The researchers came to this conclusion after developing the most sophisticated weather model available, according to a Stanford University press release. They also had to identify a theoretical calculation researchers are calling “saturation wind power potential.” That’s the point where the turbines erected for wind power generation consume all the wind, leaving little behind for other turbines to extract any energy and potentially interfering with the climate.

They concluded that the saturation wind power potential is greater than 250 terawatts globally, with 1 terawatt (TW) equal to 1,000,000 megawatts (MW). With turbines located only on land and coastal areas, churning at 100 meters in the air, they calculate the saturation point at 80 terawatts. The world’s current power demands are about 18 terawatts.

“The result of this study suggests that there is no fundamental barrier to obtaining many times the world power demand for all purposes in a clean-energy economy from wind,” said Mark Jacobson, a professor of civil and environmental engineering at Stanford. Archer and Jacobson found that installing 4 million turbines could yield up to 7.5 TW. They also demonstrate that the distribution of wind farms at windy locations around the world would increase efficiency, minimize costs and reduce overall impacts on the environment.

The Stanford-UD collaborative work contradicts previous research from the German Max Planck Institute for Biogeochemistry, which found that wind had little potential to meet energy demands and could have harmful environmental effects.

The Stanford-UD group based their investigation on a design putting the turbine 100 meters above the ground. The German study based its findings on the performance of turbines on the ground.

The potential exists for wind energy turbines to harm the environment when installed at a massive scale by reducing water vapor in the air and cooling the planet, but this study projects that those negative outcomes will not occur on a lesser scale.
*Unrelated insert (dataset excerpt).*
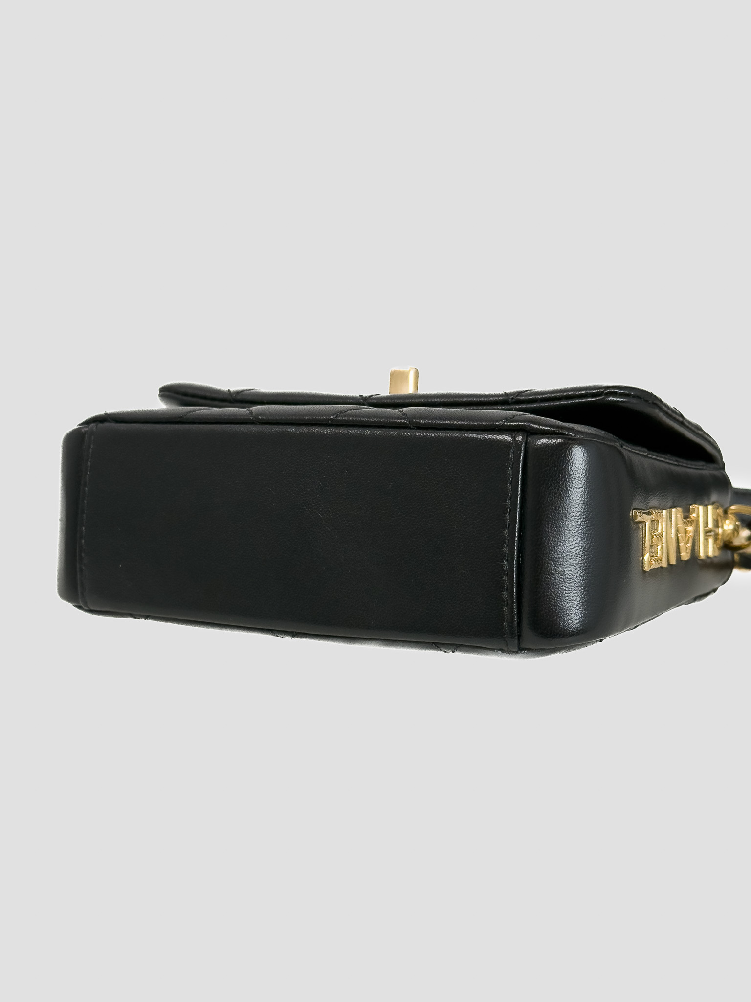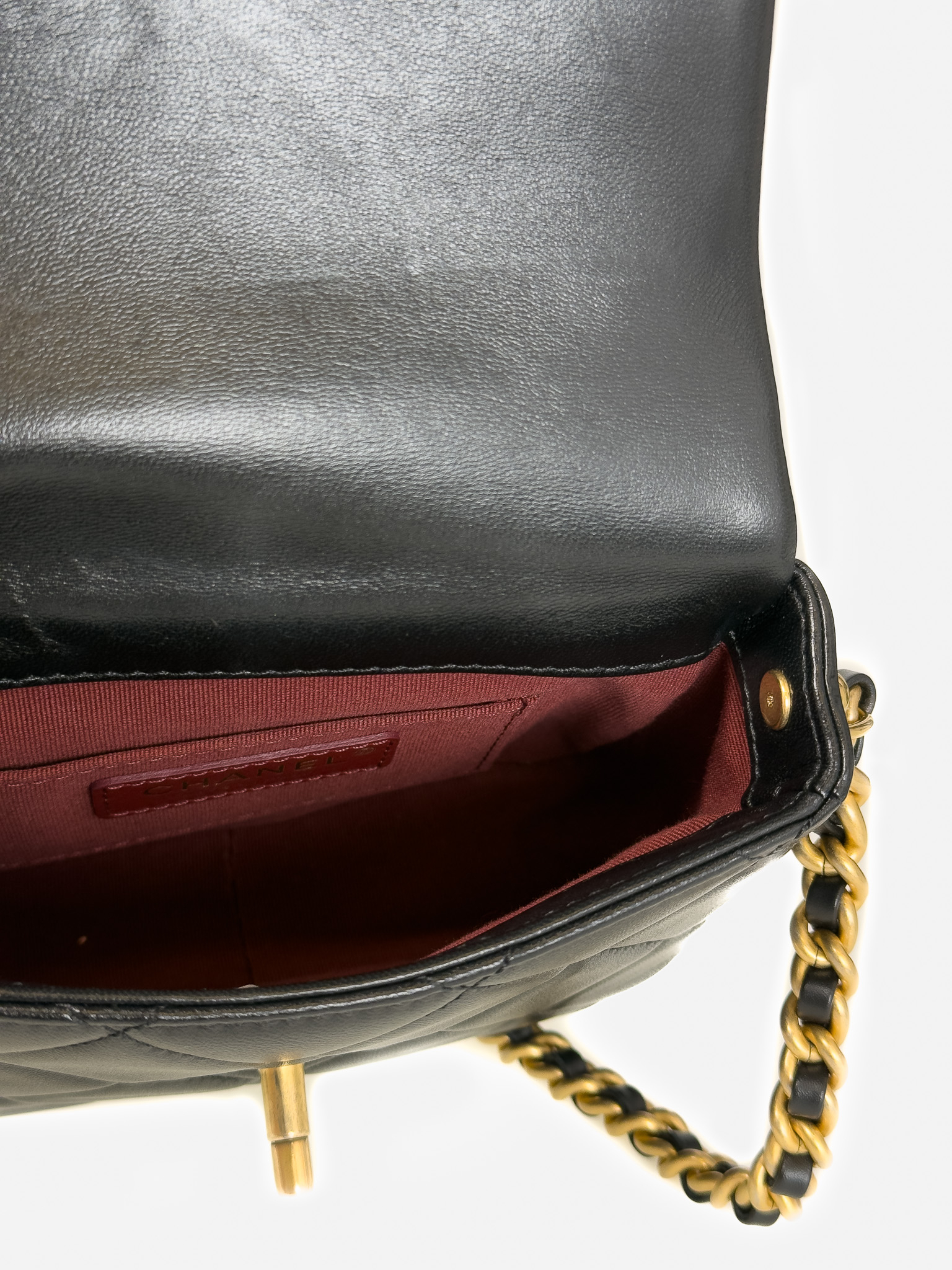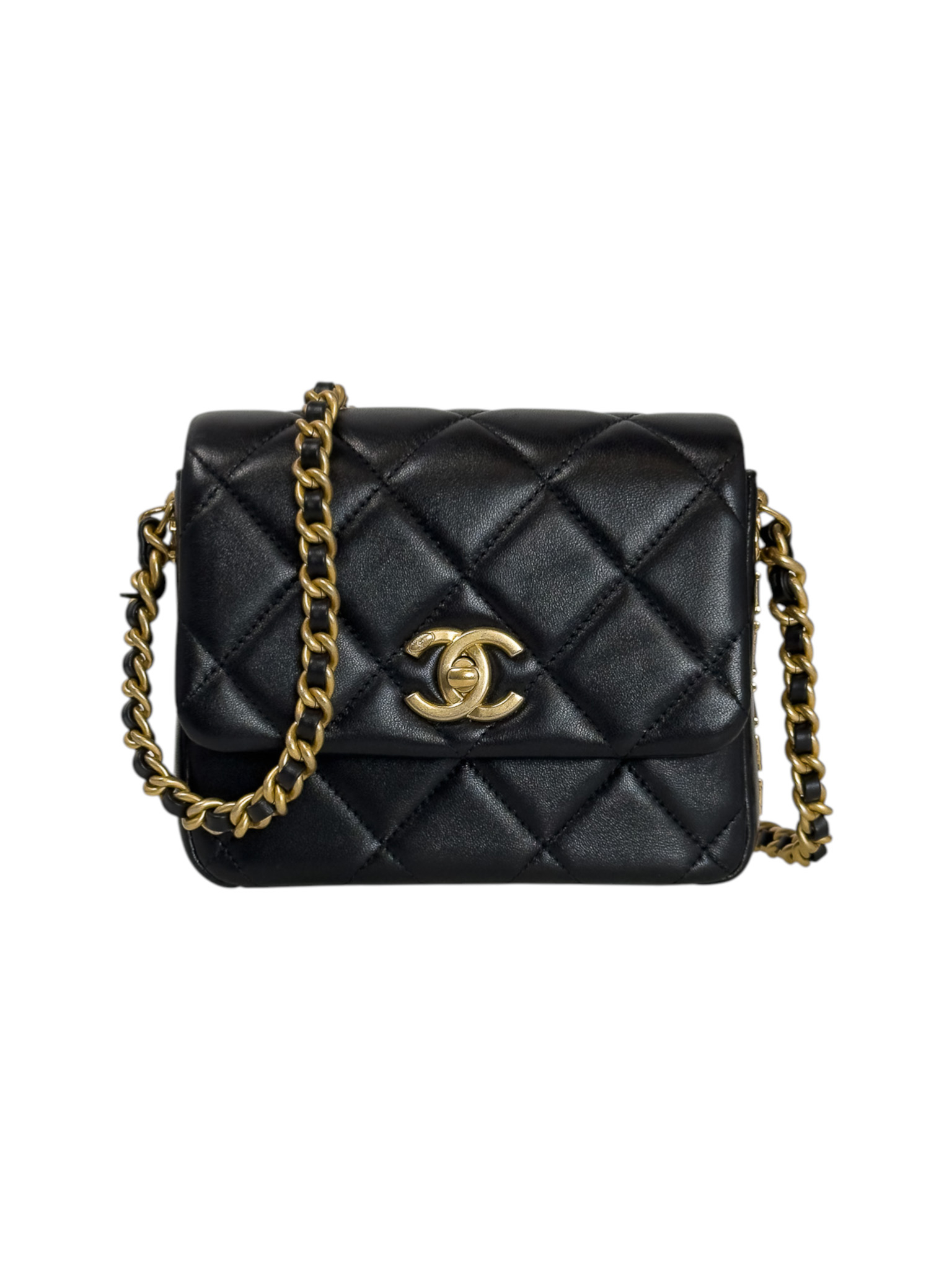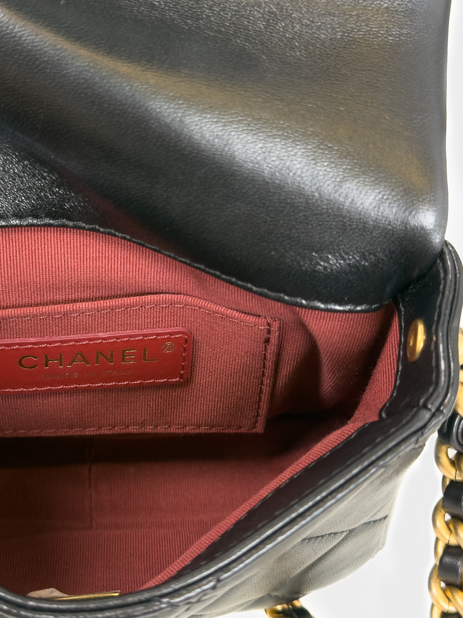 "Czarna skórzana pikowana diamentowo torebka, kwadratowy kształt, miękka skóra, złote, przekręcane zapięcie z logo marki na przodzie, długi pasek na ramię ozdobiony złotym łańcuchem, duże złote logo marki w bocznej części, bordowe wnętrze, jedna komora z kieszenią, w zestawie z workiem przeciwkurzowym oraz dowodem zakupu. Stan bardzo dobry. Wymiary: szerokość 16cm, wysokość 12cm, głębokość 5cm. Zakupiona w 2021 roku w butiku Chanel w Berlinie."

On the contrary, the Stanford-UD researchers say that the impacts of wind extraction are less than the atmospheric damage that stems from the use of fossil fuels in power generation.

“We’re not saying ‘Put turbines everywhere,’ but we have shown that there is no fundamental barrier in obtaining half or even several times the world’s all-purpose power from the wind by 2030,” Jacobson said.

The National Science Foundation, the U.S. Environmental Protection Agency and NASA’s high-end computing supported this research.

The Stanford-UD research is bolstered by another report coming out of the Lawrence Livermore National Laboratory September 10. Large-scale, high-altitude wind power generation is unlikely to substantially affect climate, according to a paper appearing in the journal Nature Climate Change.

“The future of wind energy is likely to be determined by economic, political and technical constraints rather than geophysical limits,” said Kate Marvel, lead author of the paper and a scientist in the laboratory’s program for climate model diagnosis.

Wind energy has been installed in the United States at a rapidly increasing pace in recent years. Just over 6,500 MW were installed nationwide in 2004; in 2012 wind energy provides almost 49,000 MW of power.